SELECT ?s ?desc ?authorlabel (COUNT(DISTINCT ?label) as ?labelcount)
  ?s rdf:type dbo:Book .
  ?s rdfs:label ?label .
  ?s dbo:author ?author
    ?s rdfs:label ?desc FILTER (lang(?desc) = "en").
    ?author rdfs:label ?authorlabel FILTER (lang(?authorlabel) = "en").
} GROUP BY ?s ?desc ?authorlabel ORDER BY DESC(?labelcount)

Unfortunately, the output is a bit disappointing:

s desc authorlabel labelcount
:The_Adventures_of_Tom_Sawyer “The Adventures of Tom Sawyer”@en “Mark Twain”@en 12
:Strange_Case_of_Dr_Jekyll_and_Mr_Hyde “Strange Case of Dr Jekyll and Mr Hyde”@en “Robert Louis Stevenson”@en 12
:Fifty_Shades_of_Grey “Fifty Shades of Grey”@en “E. L. James”@en 12
:Gray’s_Anatomy “Gray’s Anatomy”@en “Henry Gray”@en 12
:Sense_and_Sensibility “Sense and Sensibility”@en “Jane Austen”@en 12
:A_Brief_History_of_Time “A Brief History of Time”@en “Stephen Hawking”@en 12
:Mein_Kampf “Mein Kampf”@en “Adolf Hitler”@en 12
:Crime_and_Punishment “Crime and Punishment”@en “Fyodor Dostoyevsky”@en 12
:Catching_Fire “Catching Fire”@en “Suzanne Collins”@en 12
:David_Copperfield “David Copperfield”@en “Charles Dickens”@en 12
:Mansfield_Park “Mansfield Park”@en “Jane Austen”@en 12
:Les_Liaisons_dangereuses “Les Liaisons dangereuses”@en “Pierre Choderlos de Laclos”@en 12
:Murder_on_the_Orient_Express “Murder on the Orient Express”@en “Agatha Christie”@en 12
:The_Sign_of_the_Four “The Sign of the Four”@en “Arthur Conan Doyle”@en 12
:The_Republic_(Plato) “The Republic (Plato)”@en “Plato”@en 12
:The_Communist_Manifesto “The Communist Manifesto”@en “Friedrich Engels”@en 12
:From_the_Earth_to_the_Moon “From the Earth to the Moon”@en “Jules Verne”@en 12
:Buddenbrooks “Buddenbrooks”@en “Thomas Mann”@en 12
:The_Brothers_Karamazov “The Brothers Karamazov”@en “Fyodor Dostoyevsky”@en 12
:The_Trial “The Trial”@en “Franz Kafka”@en 12

Seems that books have been extracted from only 12 language editions (ar, de, en, es, fr, it, ja, nl, pl, pt, ru, zh). Or, only these 12 languages feature a page template for books. Or … well, let’s stop speculating and have a look: DBpedia features a page with statistics about the extracted data and we can see in the “Cross-Language Instance Overlap” table that there are, for instance, 268 books appearing in 16 language editions. However, not all datasets from all language versions are available at the public SPARQL endpoint. This list shows that currently a “labels” dataset has been loaded for exactly the 12 language versions we mentioned above. For the same reason, other properties like dbo:abstract or owl:sameAs that could be linked to the number of language editions show the same behaviour. (For an overview of potential properties take a look at the DBpedia entry on “The Adventures of Tom Sawyer”.)

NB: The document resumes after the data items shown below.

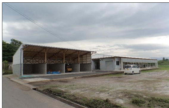
都城市 8 団地 堆肥舎および繁殖牛舎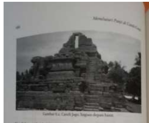
Gambar 2.18. Foto Hitam Putih sebagai Ilustrasi dalam Buku Pemandang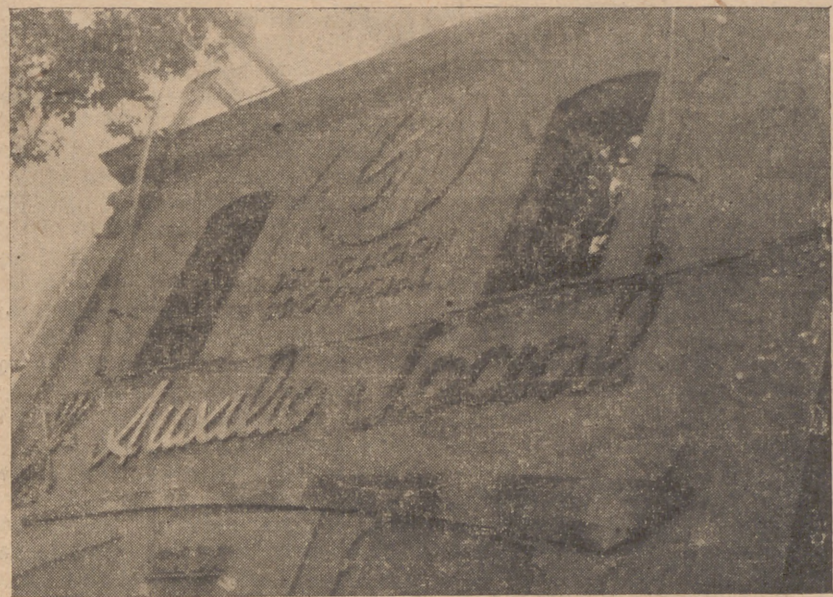
En la fachada, el nombre evocador de AUXILIO SOCIAL, sugiere al ánimo la visión de la España del Caudillo, del pan y de la justicia...

—Mallorca puede dar mucho más. Sería interminable la descripción de todas las dependencias y departamentos de «Auxilio Social». Merecen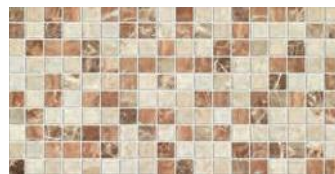
marmi cuadro marfil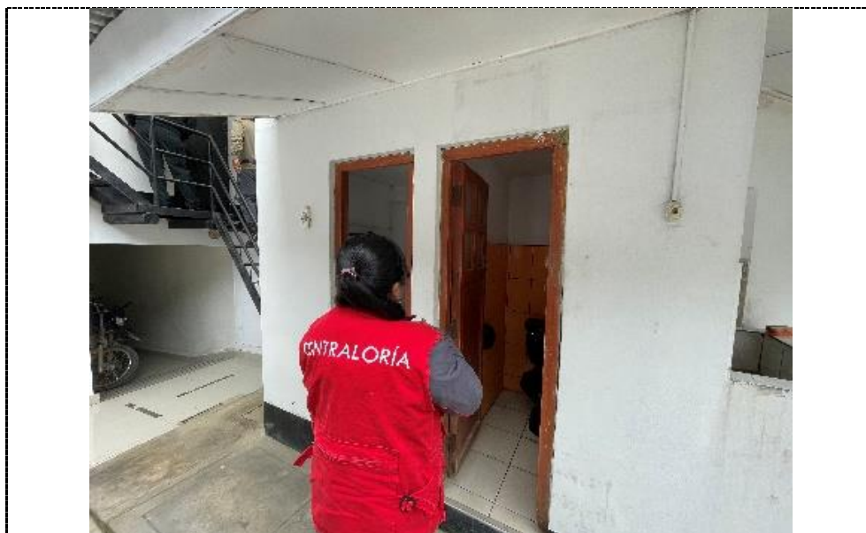
Fotografía N° 4: Vista exterior de los SS. HH. de la CPNP Anguía, tomada el 28 de febrero de 2024.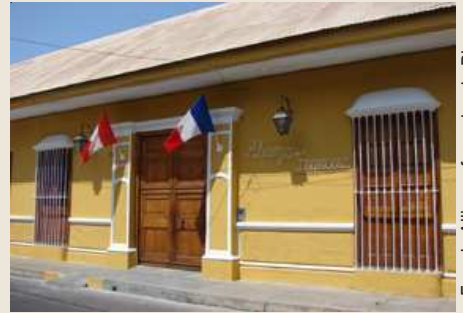
Façade Alliance française de Piura

Le 2 avril dernier, l'Alliance française de Piura, par une cérémonie officielle en présence de l'ambassadeur de France au Pérou et d'une délégation composée du conseiller culturel

When looking for alternatives we found the PageRank dataset by Andreas Thalhammer. Fortunately, it is deployed on the official DBpedia SPARQL endpoint and so, instead of counting the number of language editions, we can easily use the PageRank of each page within the English Wikipedia as a measure of importance:

PREFIX vrank:<http://purl.org/voc/vrank#>

SELECT ?s (SAMPLE(?desc) AS ?label) (GROUP_CONCAT(?authorlabel, ', ') AS ?author) (MAX(?v) AS ?rank)
FROM <http://dbpedia.org>
FROM <http://people.aifb.kit.edu/ath/#DBpedia_PageRank>
  ?s rdf:type dbo:Book .
  ?s vrank:hasRank/vrank:rankValue ?v .
  ?s dbo:author ?author
    ?s rdfs:label ?desc FILTER (lang(?desc) = "en").
    ?author rdfs:label ?authorlabel FILTER (lang(?authorlabel) = "en").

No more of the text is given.